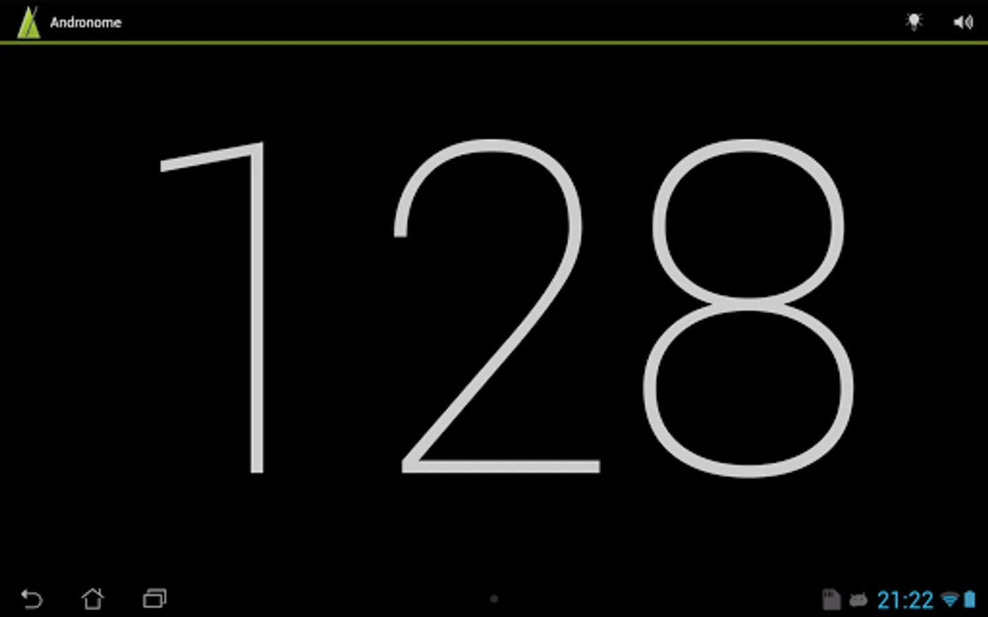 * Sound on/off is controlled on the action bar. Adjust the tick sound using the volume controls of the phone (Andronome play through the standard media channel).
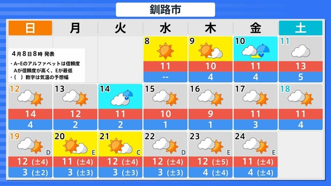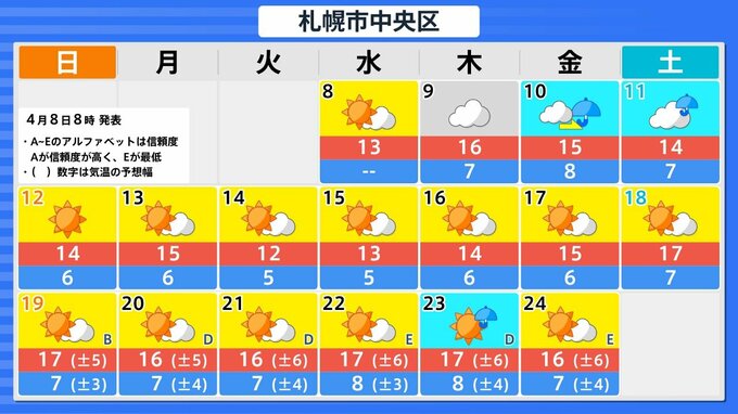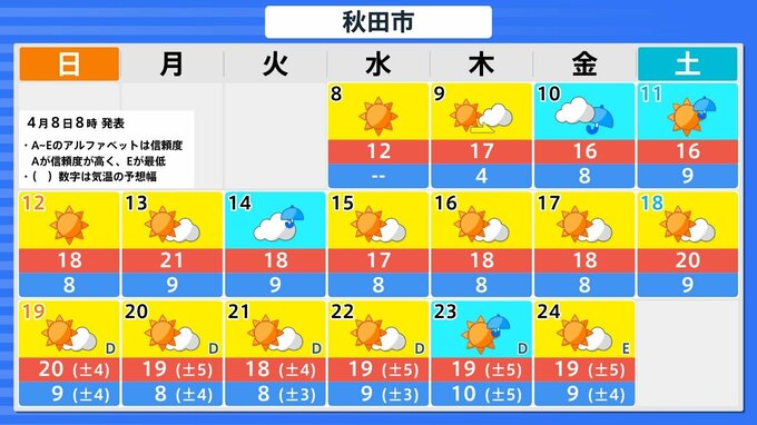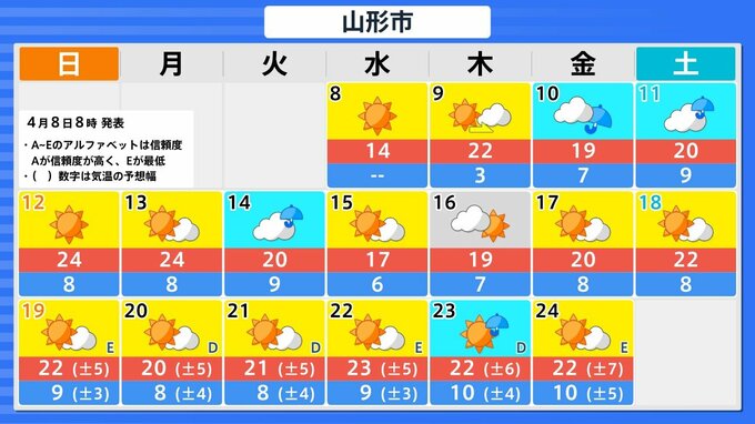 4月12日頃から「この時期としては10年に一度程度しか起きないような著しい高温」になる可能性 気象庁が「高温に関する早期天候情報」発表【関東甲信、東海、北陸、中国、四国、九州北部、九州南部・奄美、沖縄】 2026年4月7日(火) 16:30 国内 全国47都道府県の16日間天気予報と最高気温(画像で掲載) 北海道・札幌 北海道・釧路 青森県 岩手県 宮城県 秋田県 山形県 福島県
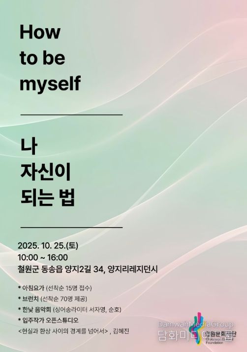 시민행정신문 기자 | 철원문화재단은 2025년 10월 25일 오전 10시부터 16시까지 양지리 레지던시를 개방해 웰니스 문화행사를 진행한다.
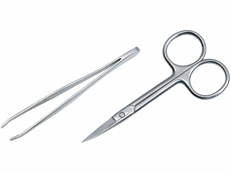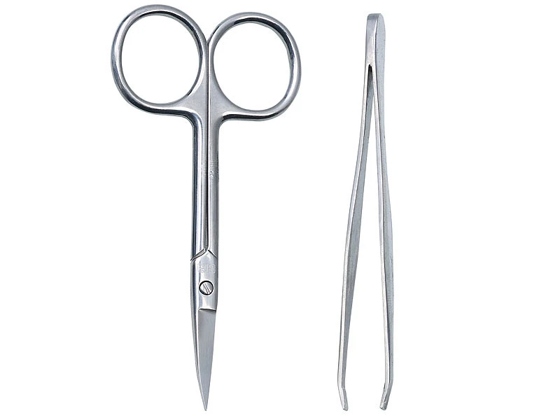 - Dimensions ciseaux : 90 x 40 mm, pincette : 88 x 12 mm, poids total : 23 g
┄┄┄┄┄┄┄┄┄┄┄┄┄┄┄┄┄┄┄┄
Problem requirements = What is needed is an exact copy of all the data, with no images in it.

Finished task =
 * Sound on/off is controlled on the action bar. Adjust the tick sound using the volume controls of the phone (Andronome play through the standard media channel).
 4月12日頃から「この時期としては10年に一度程度しか起きないような著しい高温」になる可能性 気象庁が「高温に関する早期天候情報」発表【関東甲信、東海、北陸、中国、四国、九州北部、九州南部・奄美、沖縄】 2026年4月7日(火) 16:30 国内 全国47都道府県の16日間天気予報と最高気温(画像で掲載) 北海道・札幌 北海道・釧路 青森県 岩手県 宮城県 秋田県 山形県 福島県
 시민행정신문 기자 | 철원문화재단은 2025년 10월 25일 오전 10시부터 16시까지 양지리 레지던시를 개방해 웰니스 문화행사를 진행한다.
 - Dimensions ciseaux : 90 x 40 mm, pincette : 88 x 12 mm, poids total : 23 g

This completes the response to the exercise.